Love Makes You Strong

(Trigger Warning:  There is violent imagery in this essay.  No joke)

###

Coming from love doesn’t make you weak, or less capable of resisting evil.   Nope. It actually is the core of willingness to die killing something threatening your family or core values, which is arguably  the most powerful  and clarifying position in the world, beyond even personal survival.

 

I’ll tell a story I’ve told before.  Many years ago, I had a neighbor (call him “Bob”) whose daughter was a friend of Nicki, we’ll call “Janie”.   “Bob” was a nice guy, but there was something strange: he seemed to take some kind of odd offense with me. Challenged me verbally with intense emotions behind it.   Seemed to take pleasure sniping at me.   Called the police on my dog, and then came over to my house and bragged about it and dropped into a boxing stance to challenge me to fight him.  I just sort of shook my head, unable to figure out what the hell I’d done to trigger such a reaction.

 

I tried to make peace.    One day I was at his house, and Bob complained about a bad back.  I invited him to come over to my house and use our spa.   He gratefully agreed.  He came over a couple of hours later in his swim suit, and a folded towel.   He asked me to hold the towel for him. What it concealed was…a revolver.

 

WTF?

 

I asked him why he was carrying it. Without blinking he said that he was having trouble with his boss at work.  That the man was a terror.  And he was SO ugly. And…he looked just like ME.

 

Oh, shit.   Well, isn’t THAT special.

 

I remember sitting down with Swift Deer at my next Judo lesson, and telling him what was happening. That I felt paralyzed.  “I don’t want to hurt  Janie’s’ dad.”

 

Swift shook his head somberly. “And that’s why he’s going to hurt you, brother” he said.   “That’s what he’s counting on.”

 

I was thunderstruck. Swift was right. Whatever was going on with Bob likely had nothing to do with me.   But he had focused his anger and fear on me, and my very affection for his family weakened me.  ESPECIALLY my affection for Janie, which was enormous.  I was frozen: damned if I did, dead or wounded if I didn’t.

 

I went home that night, brain swimming.  What should I do?  I couldn’t hurt Janie’s dad.  I had to deal with this. But I just couldn’t. My love paralyzed me.

 

Then a thought crossed my mind, one of those “cubic inches of opportunity” that slide in from the blind spot: HE WAS TRYING TO HURT NICKI’S DAD.

 

Boom.  Something deep inside me bared its teeth.  Oh, yes.   He was trying to make my daughter an orphan.  My wife a widow.

 

And for some reason…that was TOTALLY different.  QUALITATIVELY different.
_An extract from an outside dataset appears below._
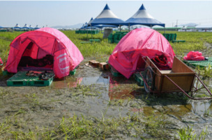 では、韓国の組織委員会はどうしたのか。排水できない泥の上にプラスチック製パレットをおいてテントを設置させた。

He was trying to hurt Nicki’s Dad?   The hell he would.

 

So…what was I going to do?  I remembered a story I was told by…hmmm…I’ll be just a little oblique here.  Let’s say a martial artist friend and instructor of mine who is extremely savvy about the psychology of martial art, science, and sport.   Yeah, him.

 

He told me about a day when a belligerent gentleman came into his school spoiling for a fight.    Roaring “I wanna talk to X!” My friend and teacher listened to the ravings, and got very calm. Reached into his desk, and pulled out a loaded 9mm (he is legally permitted to carry). He set it on his desk. Then imagined the man breaking into his office. Imagined himself shooting the man right through the head.  Rather dreamily imagined the guy’s  brains splashing against the wall, and the body sliding down, death clouding his eyes.

And smiled warmly.

Put the gun away, went out and talked to the guy…who was INSTANTLY as mild as cream.

 

THAT would be my tactic. I imagined “Bob” swinging on me.  And responding with a burst of violence the likes of which he had never dreamed of.   Imagined breaking his limbs and curb-stomping him, and thoroughly enjoying the resulting mess.     Oh, yes…there is definitely a part of me that enjoyed that imagining.  Anyone who really knows me knows it is there, buried deep down, a rabid wolf I’ve been feeding for decades, with the promise that if the justification ever came…I’d let him out.

 

I warmed myself on that vision of destruction, then  went out of my office to my family.  Kissed Nicki. Kissed Toni.  Patted my dog good-bye.   And walked across the street.

Knocked on the door. His wife “Kathy” answered.  I said, “hello, Kathy.  Is Bob here?”

A little puzzled, she said yes, he was back in his office.  “May I speak with him?”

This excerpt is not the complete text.